連られて俯いていると、呟くように篁が言葉を続けた。
「そのリトマス試験紙をね、先輩にも使ったんだ。先輩は驚いた顔してたけど、優しく笑って、俺のその言葉には触れずに接してくれた。それで、俺もこの人は大丈夫なのかなって、安心っていうか、油断しちゃって……いつの間にか心配だから、とか言って束縛みたいなこと言われるようになって、俺のこともちゃんと呼んでくれなくなって……あの言葉は冗談です、忘れてくださいって言っても聞いてくれなくなっちゃって……だから、俺のせいもあるんだろうなって思ってたから……」
「だからって、あからさまに拒否してる相手に付き纏ったり無闇に束縛したりするのは、絶対許していいことじゃないだろ!!」
思わず強い語気で言い返してしまった。
自分で出した声に驚いて、また俯く。
「あ……ごめん、大声出して」
「いや……健斗くん間違ったこと言ってないよ……俺の話ちゃんと聞いてくれて、ほんとにありがとう」
そう言って微笑む篁の顔が直視出来なくて、少し目を逸らす。
「おう、まあ……聞くことしか出来ねぇけど」
「俺がこんなに自分のこと話すの、健斗くんが初めてなんだよ?勇一達には、全部話すのどうしても抵抗感じちゃうし」
「そう、なのか……」
唯一フランクに接している志村に対してもそう思っているとは思っていなかったが、志村の頼んだという言葉を思い出すとそれも頷けた。

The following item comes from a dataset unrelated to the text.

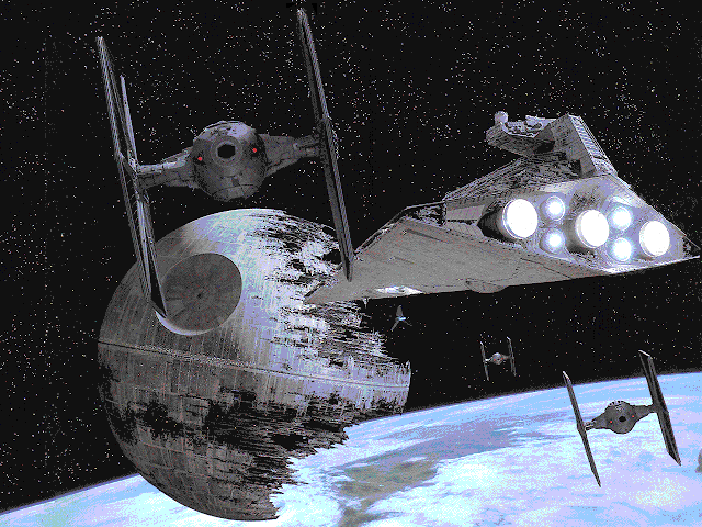 | deathst2.gif | 87 K | Non-Animated. Contains three starfighters, all of which in varying sizes, a Victory-Class Star Destroyer, and the second Death Star, above a part view of a planet. | 640 X 480. |

よいしょ、と小さく言って篁が立ち上がったと思うと、今度は俺の目の前にちょこんと座り込む。その表情は、ここに来た最初に比べて、心做しか血色も良くなったように見えた。
「ねぇ、健斗くん。俺このあとね、教室はしんどいかもだから保健室いこうと思うんだけど、健斗くんは教室戻るよね?」
「ん?おう、ギリギリ一限にも間に合いそうだしな」
「じゃあ、放課後また一緒にタピオカ飲みに行こ。俺のおすすめのお店、連れてってあげる」
楽しそうに笑う篁は、きっと久々に信頼出来そうな友人という存在が出来たのが嬉しいのだと直ぐにわかった。
いつだったか、横山が言っていた言葉を思い出した。
魔性。
確かそう表現していた。なるほど、こういう気持ちなのか。
「おう!都会での遊び方教えてくれ」
俺ってこんなに無理やり感情封じこめて笑うの得意だったっけ。
でも、心底嬉しそうなこの笑顔に向かって、俺も篁のことが好きかもしれない、なんて言っちゃいけない事だけは、すぐに分かった。
暑くなった気温とは関係なく、じっとりと汗をかいた背中が、どうにも気持ち悪かった。